How to convince your stakeholders that less is more
Doing the most does not equal being the best. Remember, there’s a reason we start by building a Minimum Viable Product… it’s because we know there’s a very specific problem we’re trying to solve that can be achieved, well, minimally. As soon as you’re not solving that initial problem, you run the risk of diverting resources from your primary market opportunity and alienating your core customer base.
That’s why every time you’re thinking about adding something new, you need to put it in the context of how it solves the “old” problem you started with. Sometimes new features are awesome and valuable while other times they’re extraneous and unnecessary.As the owner of your product strategy, it’s your job to make sure you’re building on your core value proposition and not just adding fuzzy dice and flame decals that won’t actually help your customers get from A to B any faster. Here are three takeaways to help you hold the line:
- Establish a release cadence that includes addressing technical debt and core function refinement. Whether it’s every three releases or once per quarter, make it standard practice to take on the unsexy stuff that keeps the thing that got you here in the first place. Enforcing this discipline is good for your product and for your company culture, as it shows everyone you’re not just chasing rainbows but managing an existing business. And you want to build a product that will actually scale, which isn’t free.

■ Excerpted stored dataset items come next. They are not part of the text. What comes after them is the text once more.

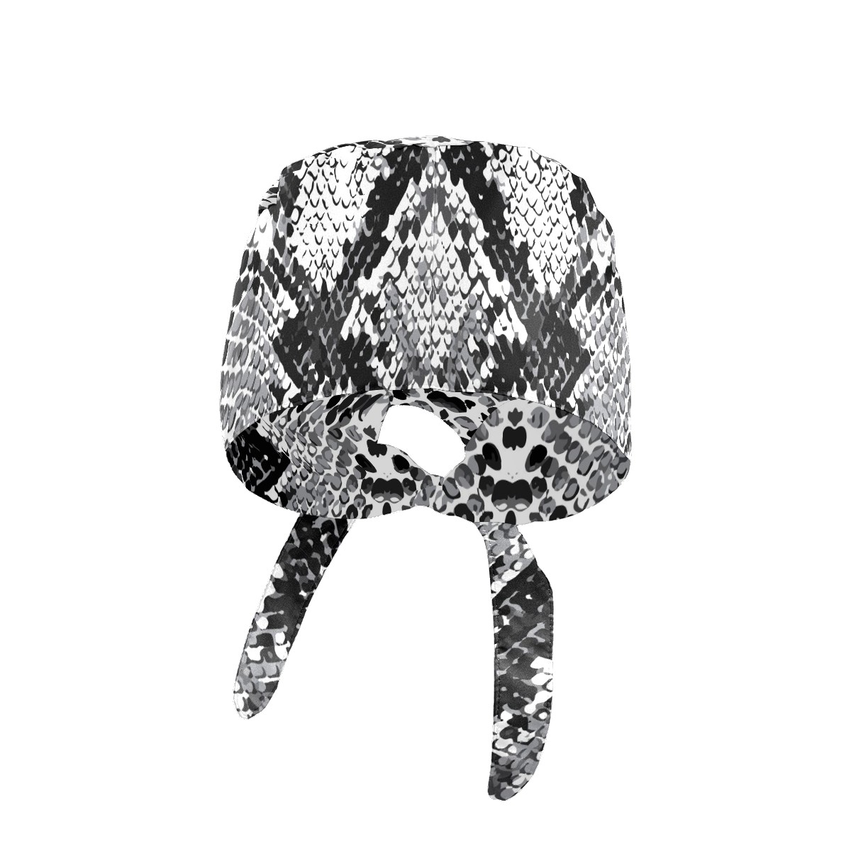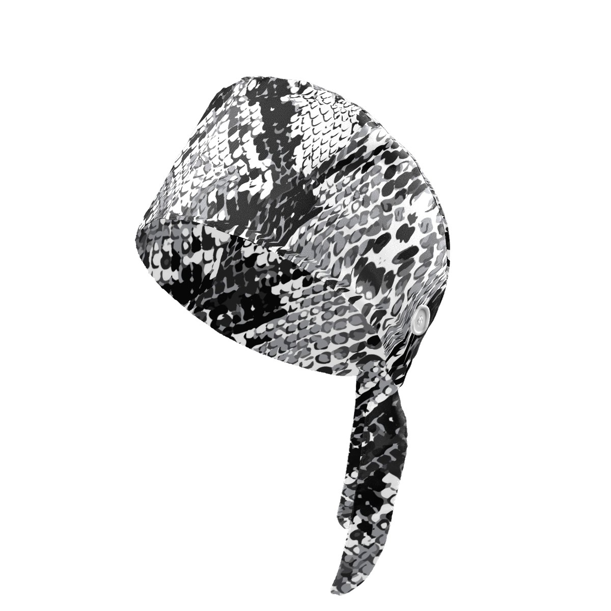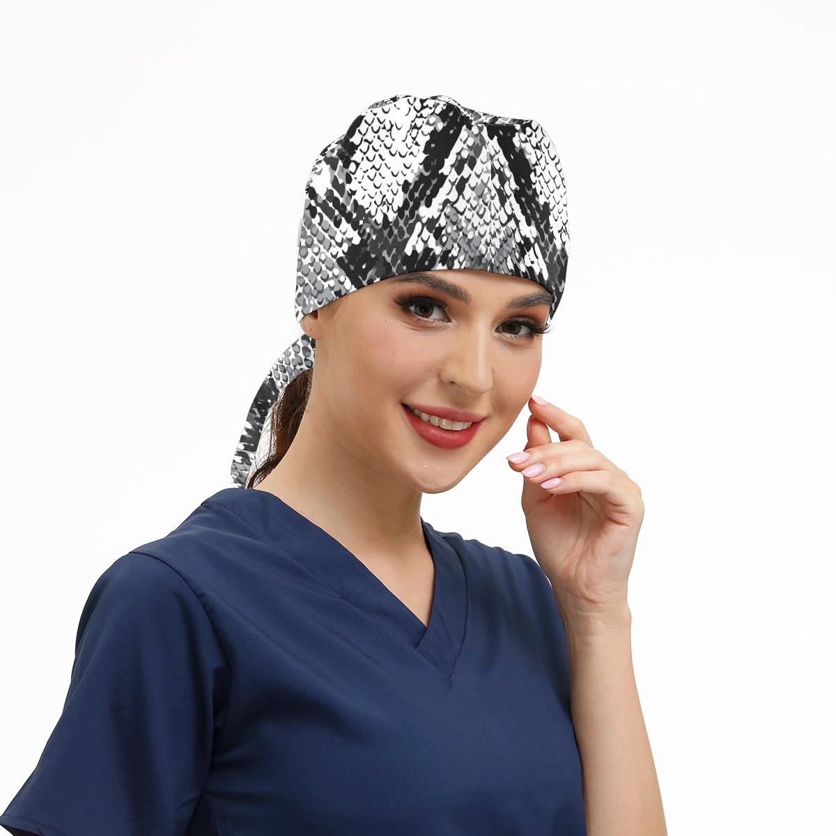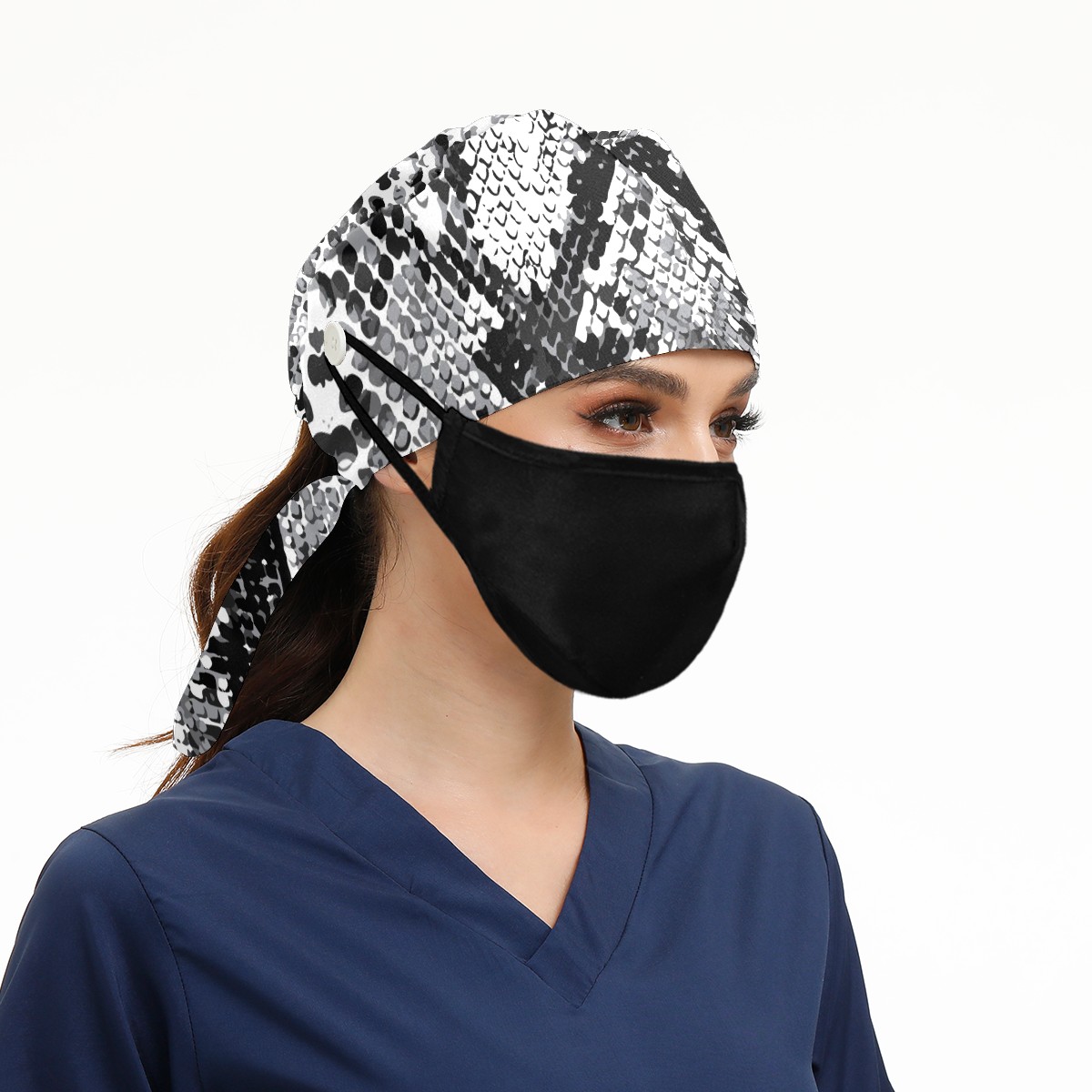 Working Caps with Button & Sweatband Satin Lined Cotton Adjustable Nurse Hats Elastic Band Scrub Cap Surgeon Hat White Snake Skin
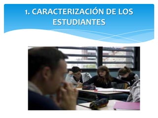 Este documento presenta la caracterización de los estudiantes en tres secciones. La primera sección describe las características demográficas, académicas y de desarrollo cognitivo de los estudiantes. La segunda sección presenta un modelo de plan de formación, incluyendo ejemplos de estudiantes y las responsabilidades del docente. La tercera sección describe un plan de mejoramiento para un estudiante específico con objetivos de mejorar su conocimiento, análisis y autoestima.
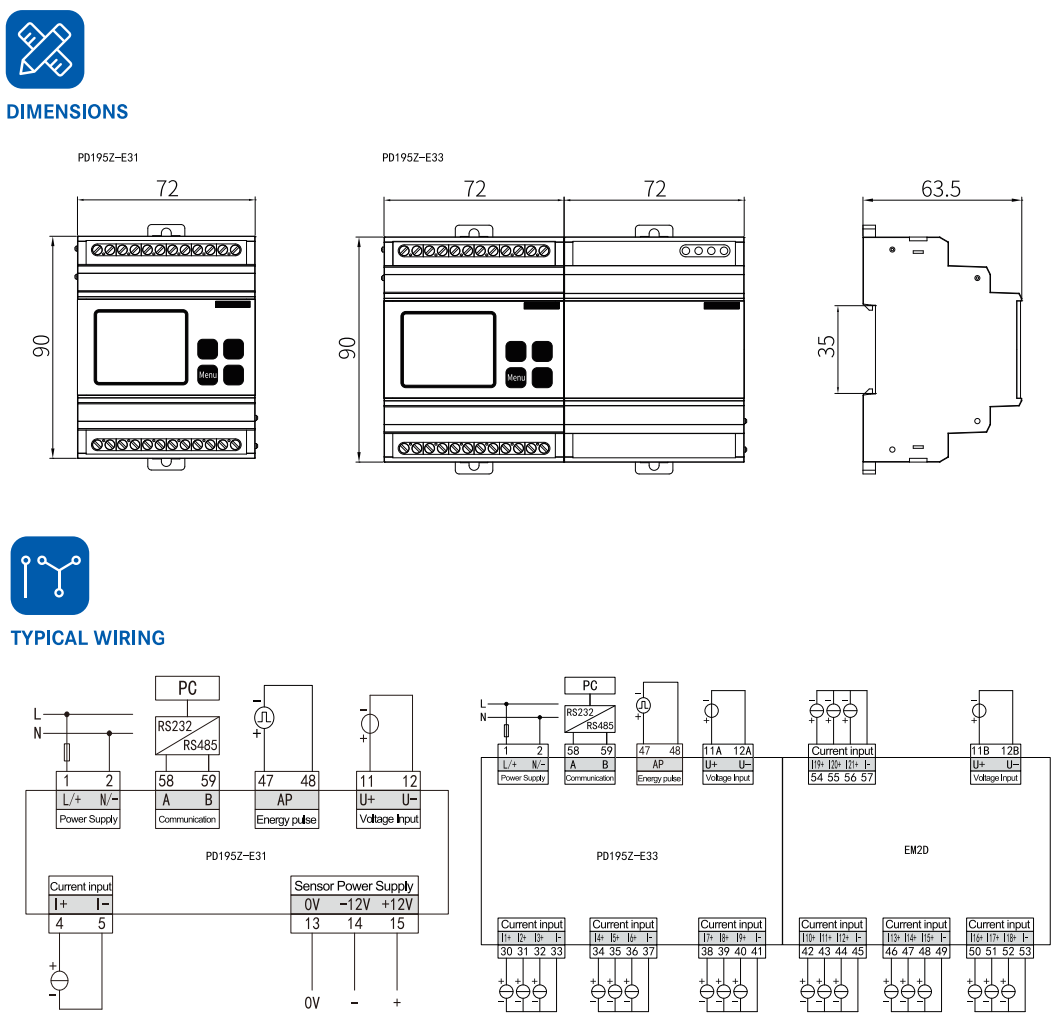 Đồng hồ đo điện một chiều PD195Z-E33 có thể đo điện áp lên đến 1000VDC và dòng điện thông qua CT Hall Sensor 4V

- Get out of the “If You Build It They Will Come” mindset. We’ve all heard the “they’ll buy it it just does THIS” argument from sales people more time than we can count. Try to turn that argument on its head and make the customer put their money where their mouth is. “If they buy it, we’ll build it” isn’t a bad starting point for these negotiations, and an even better one is “if they want it that badly, they can pay extra for it.” These approaches keep you from chasing elusive deals with custom-built features that do nothing but collect dust.
- Stick to your strengths. While product line extensions may eventually be a logical part of your overall corporate strategy, focusing on what you do well and doing it a little bit better, cheaper and/or faster is far likelier to yield significant returns. Validate every new feature request by asking whether it strengthens your core value proposition, and stick to the enhancements that make you irreplaceable to your core customers and fans.
Resisting the temptation to build features for their own sake can take some real willpower on the part of the product manager, but in the end, it's well worth the effort.